Solo algunos nos atrevimos a adentrarnos mínimamente en planteamientos que casi todo el mundo consideraba heterodoxos, y mantuvimos que la creación de dinero no tenía por qué ser inflacionaria, ya que actúa sobre el PIB nominal, es decir, sobre sus dos componentes, PIB real y precios, sin que esté determinado a priori en qué proporción. Es posible que en muchas ocasiones no se traduzca en inflación, sino en crecimiento de la economía. Señalábamos también que una política monetaria en exceso restrictiva, tal como se venía aplicando primero en el proceso de convergencia y más tarde en el plan de estabilización, podía dañar gravemente la economía.
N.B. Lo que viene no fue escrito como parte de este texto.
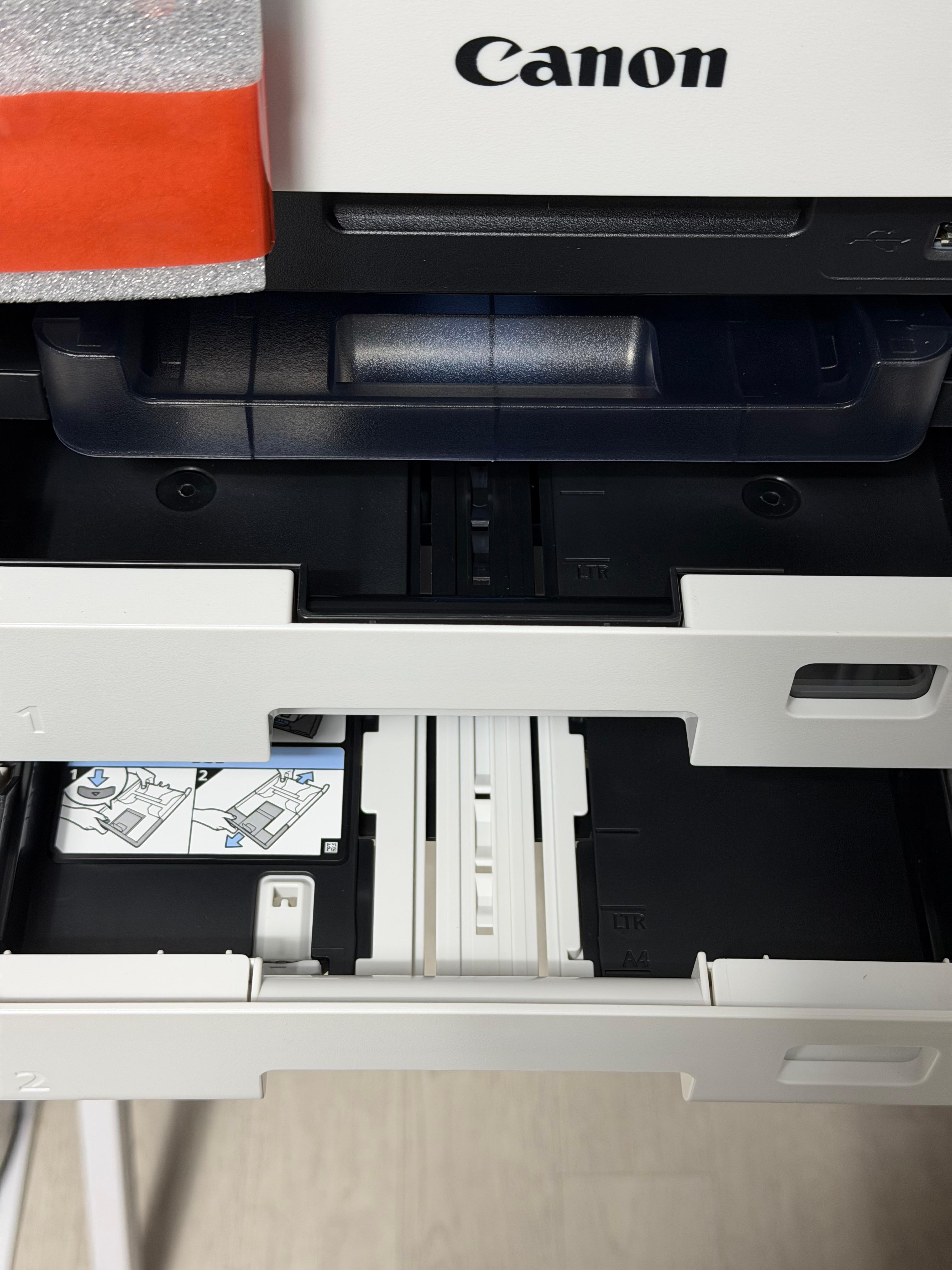 캐논 GX7192는 이전 모델과 마찬가지로 1단, 2단 트레이에 각 250장씩 총 500장, 뒷면 트레이에 100장 해서 총 600장을 한 번에 집어 넣고 인쇄를 할 수가 있습니다. 가정에서야 500~600장을 한 번에 인쇄할 일은 거의 없겠지만 사무실에서 쓸 때는 매우 유용할 겁니다.
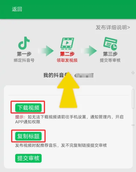 第二步领取视频:点击下载视频(会自动保存到相册),顺手把视频标题复制好
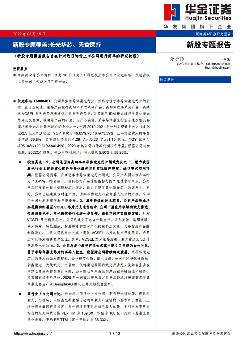 长光华芯(688048)新股专题覆盖:长光华芯、天益医疗
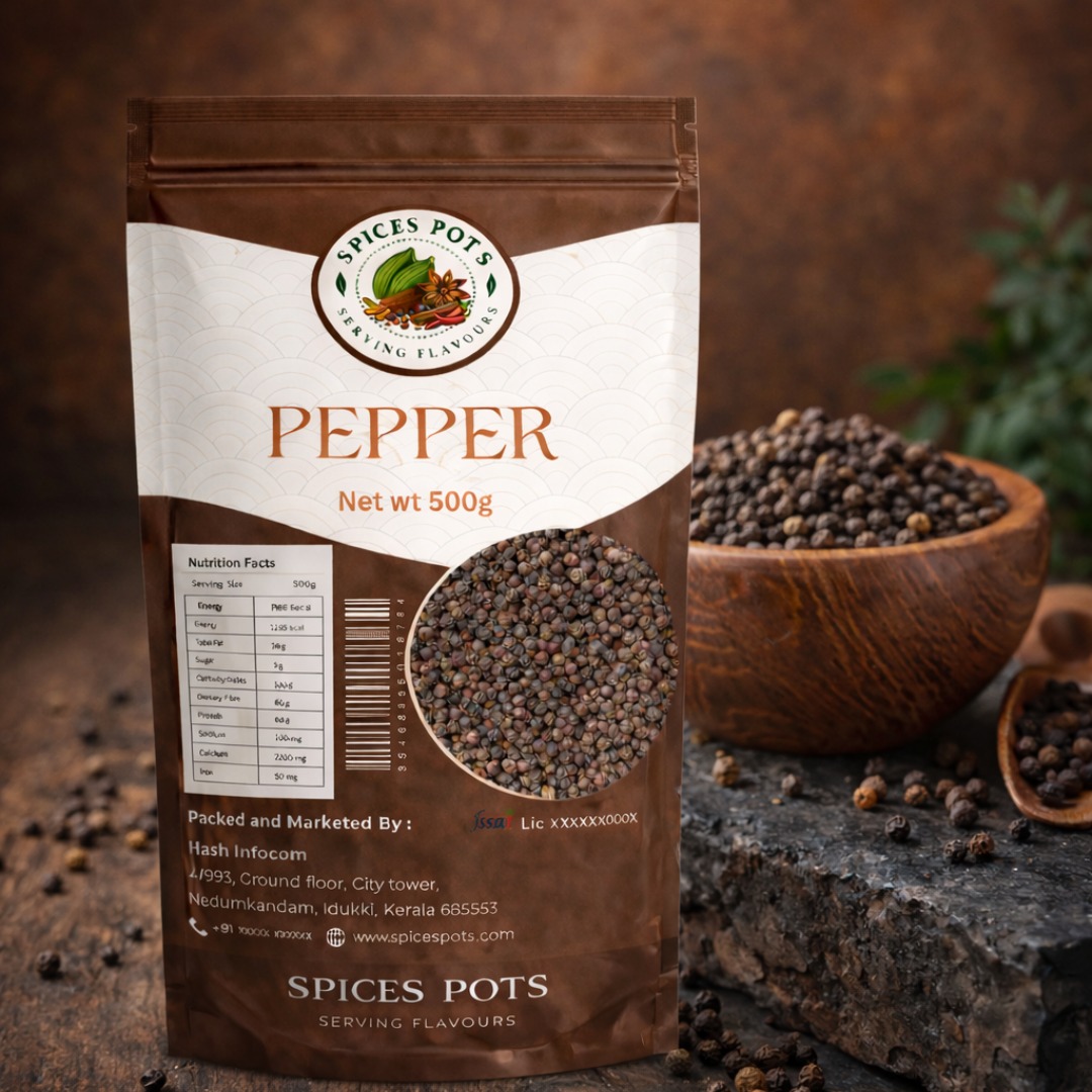 Premium High Quality Black Pepper from Spices Pots comes from the mist-covered Idukki high ranges of Kerala, a region renowned worldwide for producing pepper with exceptional strength and aroma. Carefully selected from our farmers, these peppercorns are naturally dried to preserve their essential oils, bold heat, and deep earthy character.

En los momentos actuales, el panorama ha cambiado por completo. Todos los bancos centrales han adoptado políticas monetarias enormemente flexibles a las que se ha denominado “de expansión cuantitativa” (QE, por sus siglas en inglés), con las que monetizan los déficits públicos de sus respectivos países. Como se puede apreciar, el dogma ha virado de un extremo al otro. El BCE bajo la presidencia de Draghi se vio obligado a dar un giro radical para que la Unión Monetaria no hiciese aguas. Aunque es verdad que el BCE no inyecta directamente el efectivo a los tesoros de los países miembros, sí los financia mediante la compra de deuda pública en el mercado secundario y el descuento de los títulos de los bancos.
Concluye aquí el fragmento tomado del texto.